- [How to complete this task]
Without including any pictures, retype exactly the lines from the top of the records through the line containing "تُستخدم مظلات المسابح", that final line included.

______________________________

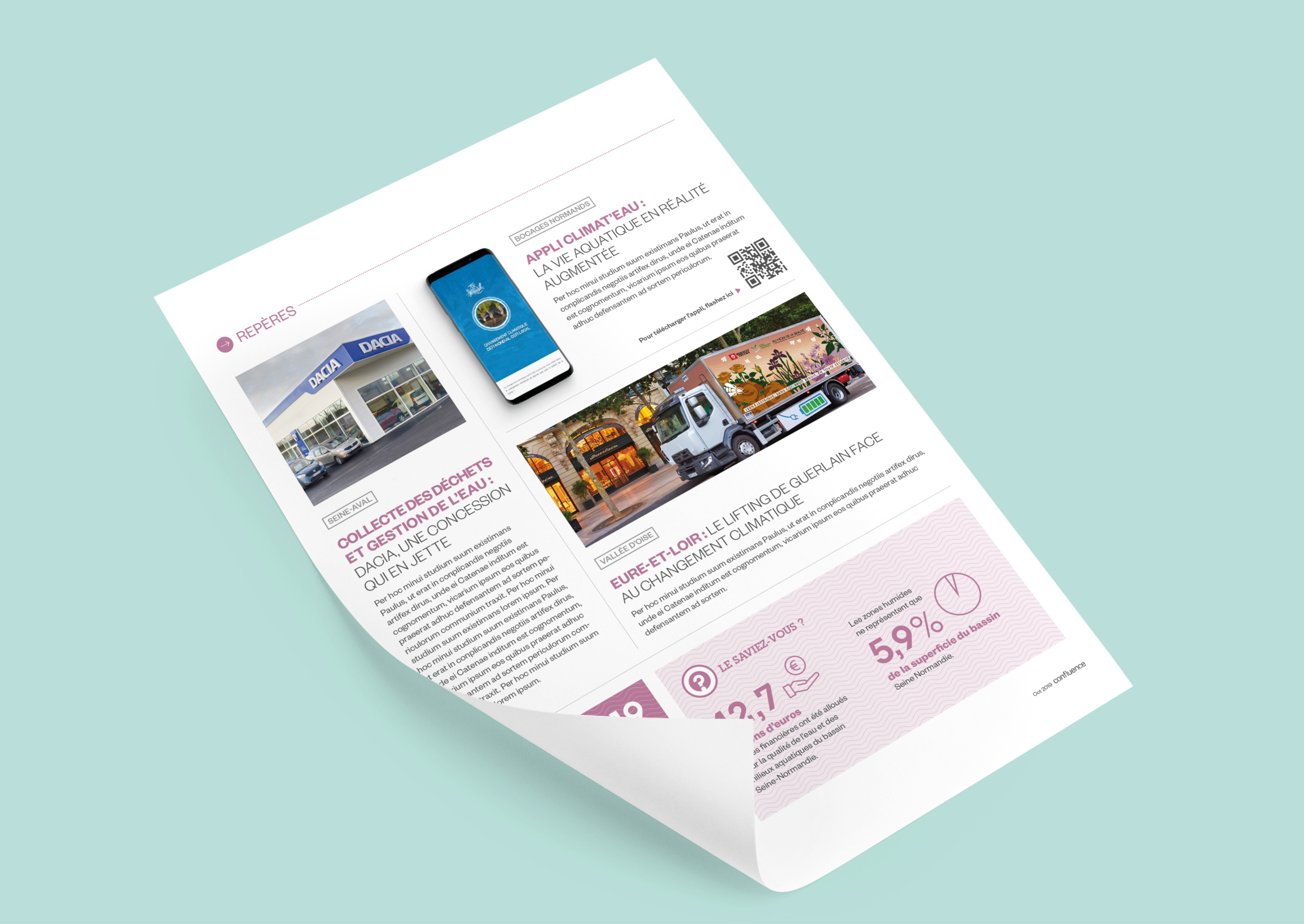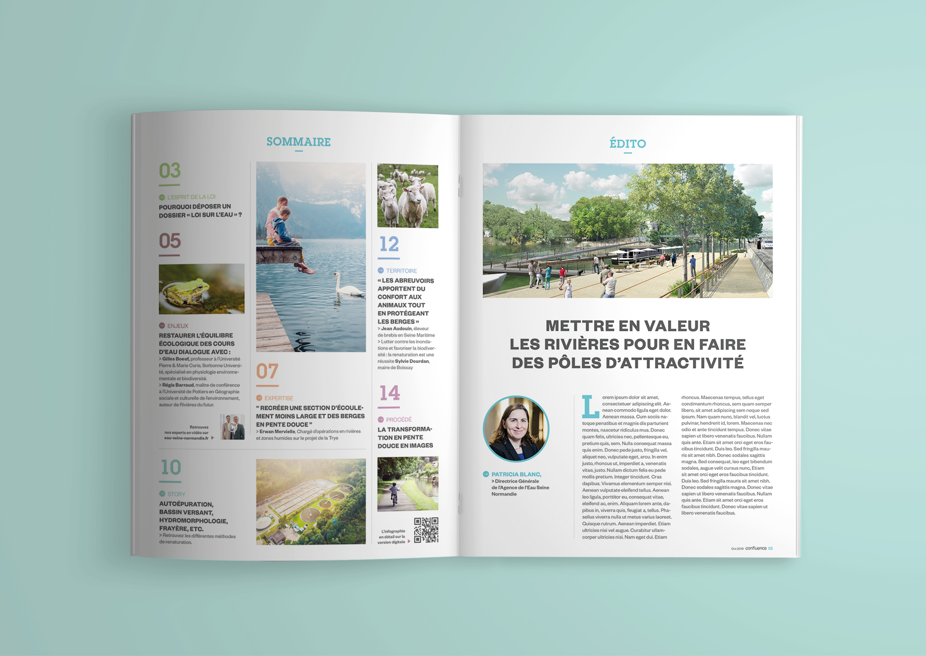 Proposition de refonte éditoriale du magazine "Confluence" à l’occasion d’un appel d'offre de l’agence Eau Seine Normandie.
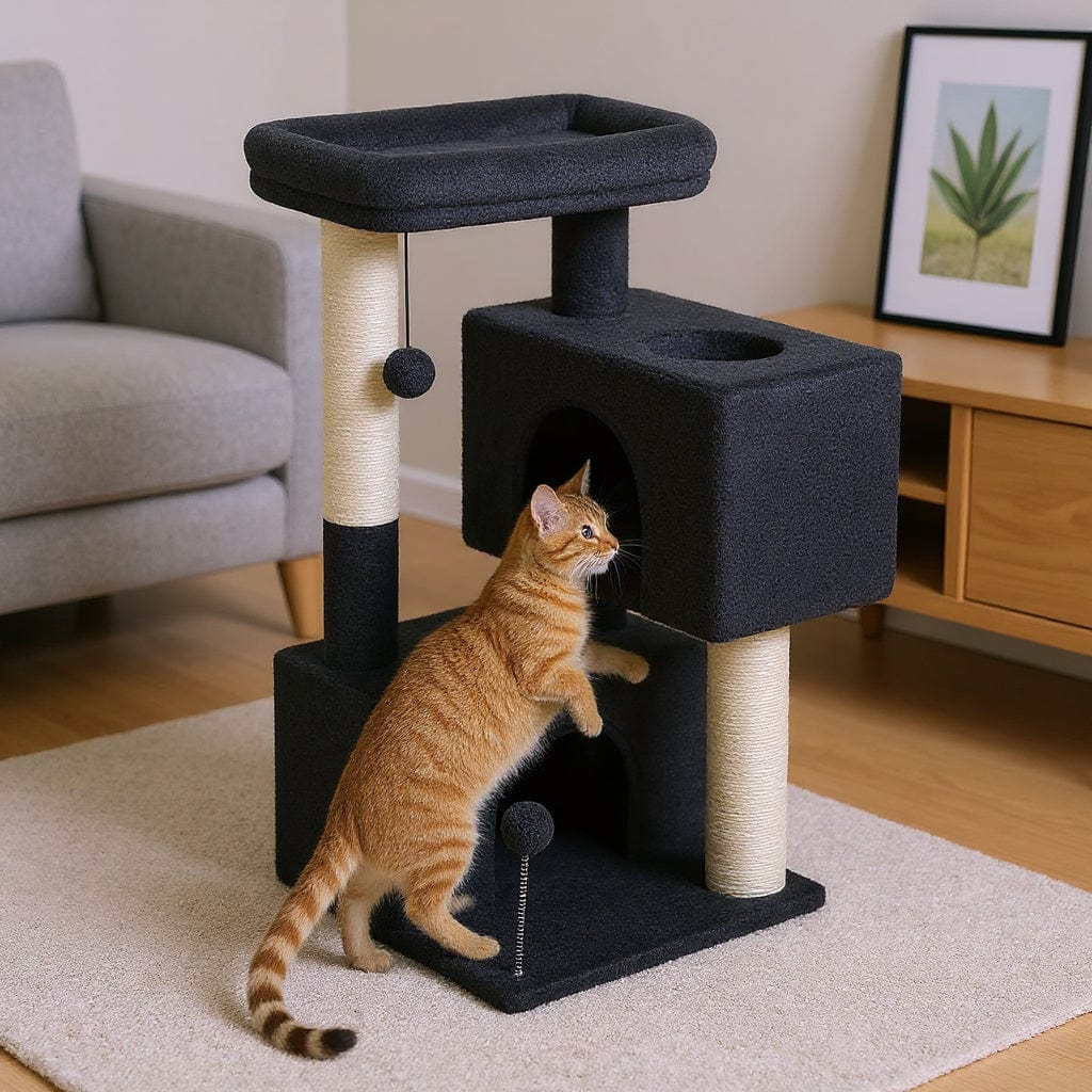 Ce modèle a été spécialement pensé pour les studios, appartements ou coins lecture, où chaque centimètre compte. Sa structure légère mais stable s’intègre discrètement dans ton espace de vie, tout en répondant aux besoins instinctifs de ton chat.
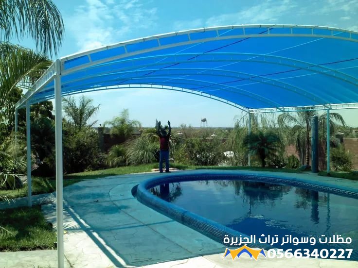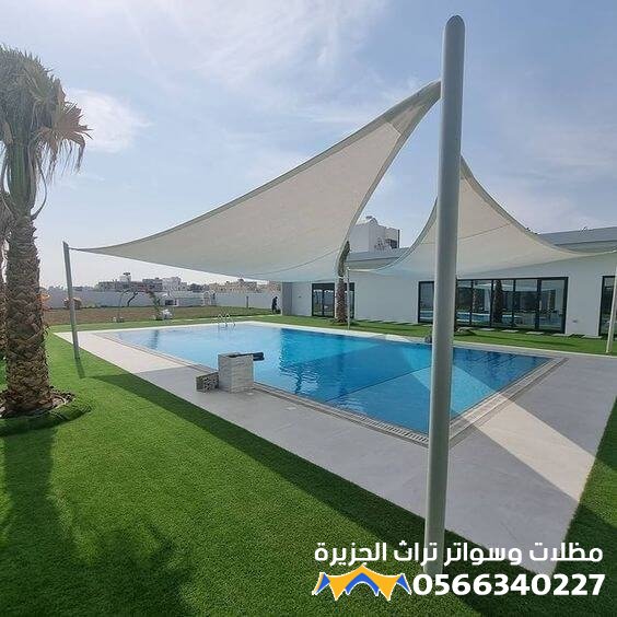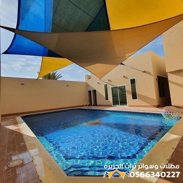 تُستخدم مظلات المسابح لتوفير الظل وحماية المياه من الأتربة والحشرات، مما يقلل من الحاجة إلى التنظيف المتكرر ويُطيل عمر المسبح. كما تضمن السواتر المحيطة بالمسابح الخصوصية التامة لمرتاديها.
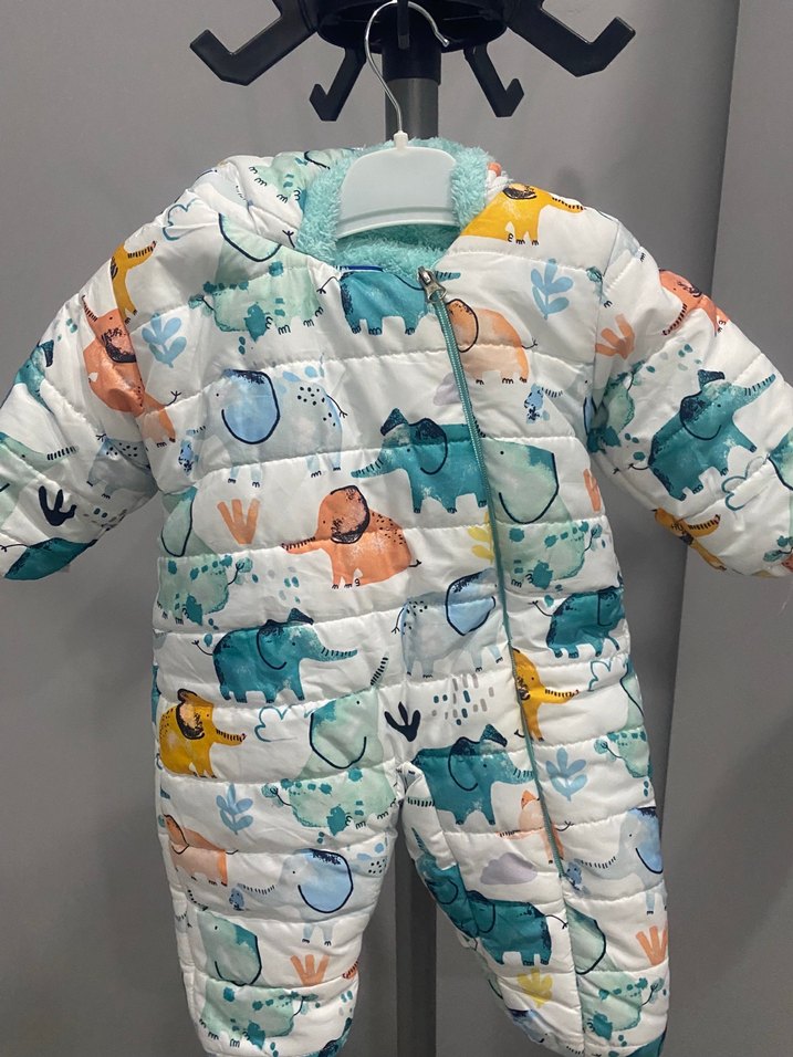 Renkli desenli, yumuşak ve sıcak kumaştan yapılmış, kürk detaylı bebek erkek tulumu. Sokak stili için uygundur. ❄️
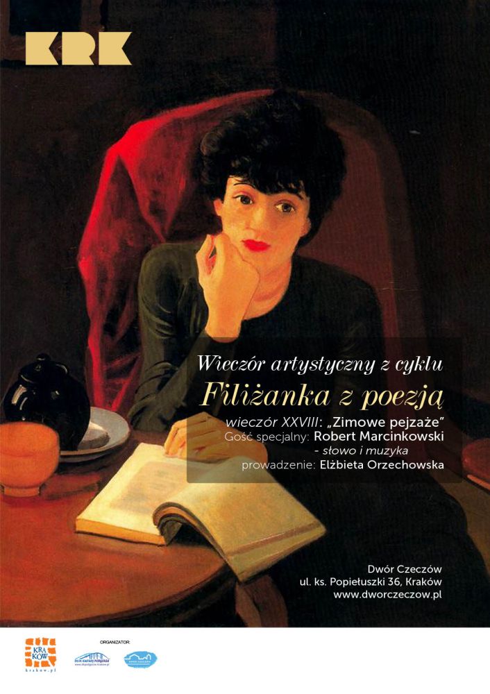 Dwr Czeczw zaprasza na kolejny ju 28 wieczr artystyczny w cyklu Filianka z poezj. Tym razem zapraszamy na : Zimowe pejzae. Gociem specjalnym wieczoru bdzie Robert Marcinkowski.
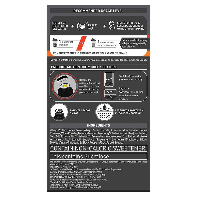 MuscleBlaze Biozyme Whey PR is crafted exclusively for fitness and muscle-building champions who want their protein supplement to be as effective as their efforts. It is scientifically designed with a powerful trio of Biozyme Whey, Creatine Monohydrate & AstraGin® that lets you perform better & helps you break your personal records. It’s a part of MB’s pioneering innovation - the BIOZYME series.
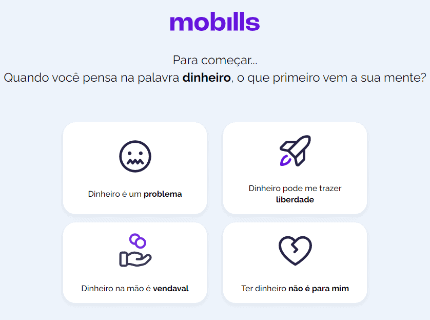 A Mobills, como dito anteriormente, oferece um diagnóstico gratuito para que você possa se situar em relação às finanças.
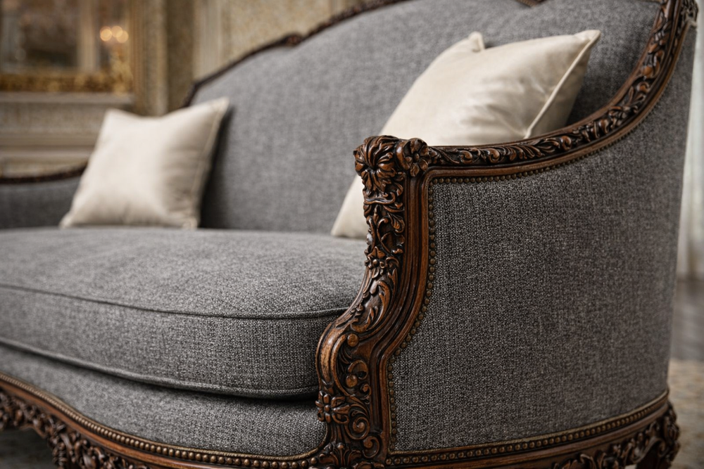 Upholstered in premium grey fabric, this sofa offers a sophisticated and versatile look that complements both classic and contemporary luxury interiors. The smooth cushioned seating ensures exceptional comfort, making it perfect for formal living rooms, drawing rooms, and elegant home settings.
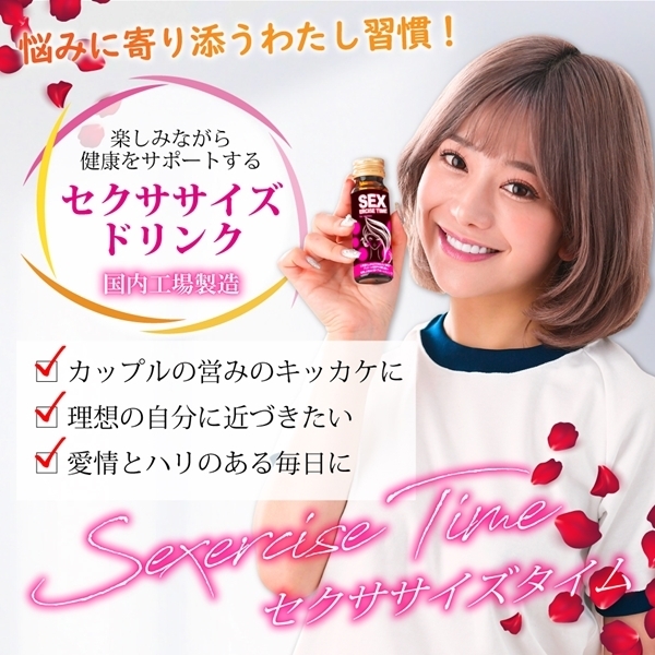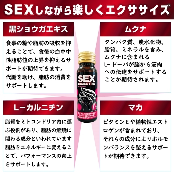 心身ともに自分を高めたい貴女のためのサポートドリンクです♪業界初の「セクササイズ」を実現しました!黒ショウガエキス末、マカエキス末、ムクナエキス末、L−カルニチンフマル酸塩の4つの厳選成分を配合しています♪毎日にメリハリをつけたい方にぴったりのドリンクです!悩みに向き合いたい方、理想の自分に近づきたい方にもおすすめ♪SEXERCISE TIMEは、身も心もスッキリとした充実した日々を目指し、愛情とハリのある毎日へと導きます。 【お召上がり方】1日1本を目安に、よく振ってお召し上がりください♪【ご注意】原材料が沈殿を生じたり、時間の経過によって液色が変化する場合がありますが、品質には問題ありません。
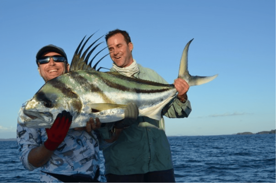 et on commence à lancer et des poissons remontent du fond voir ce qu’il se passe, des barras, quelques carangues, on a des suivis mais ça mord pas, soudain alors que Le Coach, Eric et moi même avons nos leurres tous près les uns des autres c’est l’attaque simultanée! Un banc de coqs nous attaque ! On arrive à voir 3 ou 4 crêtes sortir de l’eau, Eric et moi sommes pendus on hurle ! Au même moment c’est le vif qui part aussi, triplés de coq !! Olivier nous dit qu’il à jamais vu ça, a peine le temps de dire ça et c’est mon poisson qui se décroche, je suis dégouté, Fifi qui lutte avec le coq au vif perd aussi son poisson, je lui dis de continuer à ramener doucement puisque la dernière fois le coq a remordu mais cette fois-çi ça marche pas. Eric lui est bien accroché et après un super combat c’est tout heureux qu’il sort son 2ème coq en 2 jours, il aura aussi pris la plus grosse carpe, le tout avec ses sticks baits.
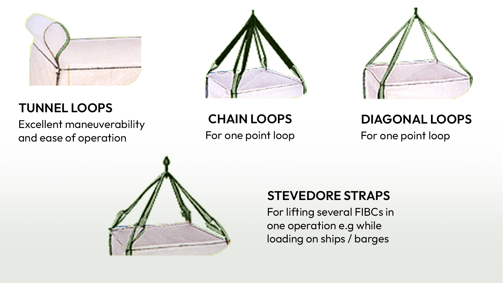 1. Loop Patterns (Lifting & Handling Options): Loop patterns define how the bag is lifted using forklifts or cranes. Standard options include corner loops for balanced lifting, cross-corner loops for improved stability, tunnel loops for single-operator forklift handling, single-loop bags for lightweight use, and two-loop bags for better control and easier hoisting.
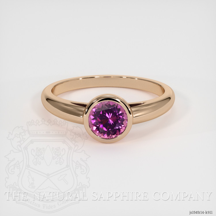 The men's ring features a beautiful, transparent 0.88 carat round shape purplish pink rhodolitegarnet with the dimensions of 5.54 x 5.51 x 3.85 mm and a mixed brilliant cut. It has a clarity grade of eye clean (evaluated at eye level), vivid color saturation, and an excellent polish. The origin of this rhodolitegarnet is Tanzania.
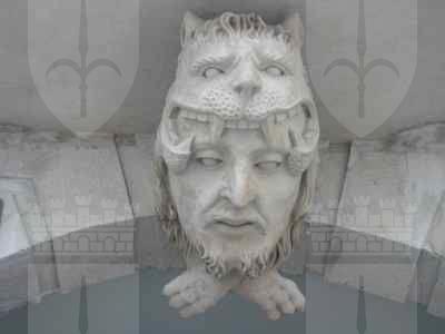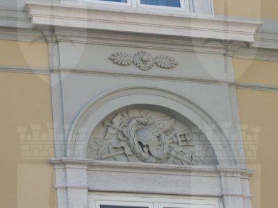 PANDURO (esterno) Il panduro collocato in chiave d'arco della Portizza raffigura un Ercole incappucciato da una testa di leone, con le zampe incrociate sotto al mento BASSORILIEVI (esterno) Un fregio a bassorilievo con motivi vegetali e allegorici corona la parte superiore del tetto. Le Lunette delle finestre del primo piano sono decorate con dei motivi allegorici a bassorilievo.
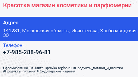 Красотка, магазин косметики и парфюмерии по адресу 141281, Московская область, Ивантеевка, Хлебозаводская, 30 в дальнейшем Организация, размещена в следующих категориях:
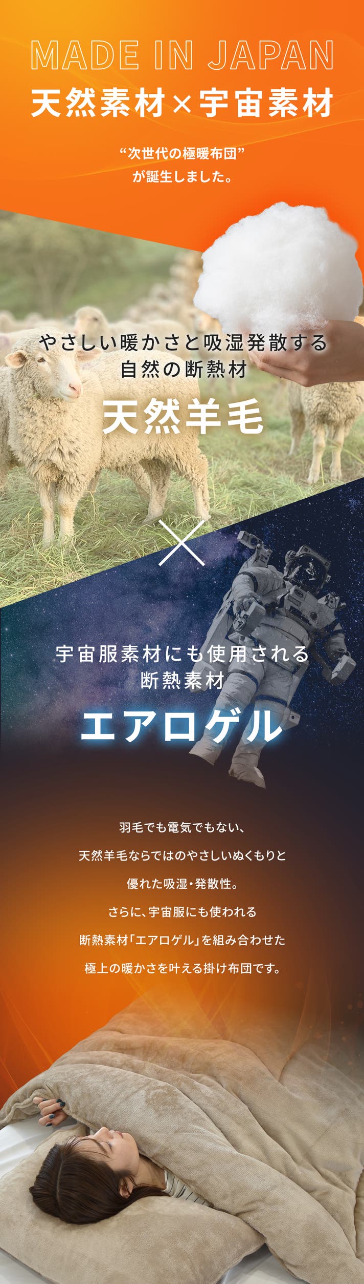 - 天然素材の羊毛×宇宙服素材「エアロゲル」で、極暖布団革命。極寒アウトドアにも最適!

______________________________

- [Result for this task]
 Proposition de refonte éditoriale du magazine "Confluence" à l’occasion d’un appel d'offre de l’agence Eau Seine Normandie.
 Ce modèle a été spécialement pensé pour les studios, appartements ou coins lecture, où chaque centimètre compte. Sa structure légère mais stable s’intègre discrètement dans ton espace de vie, tout en répondant aux besoins instinctifs de ton chat.
 تُستخدم مظلات المسابح لتوفير الظل وحماية المياه من الأتربة والحشرات، مما يقلل من الحاجة إلى التنظيف المتكرر ويُطيل عمر المسبح. كما تضمن السواتر المحيطة بالمسابح الخصوصية التامة لمرتاديها.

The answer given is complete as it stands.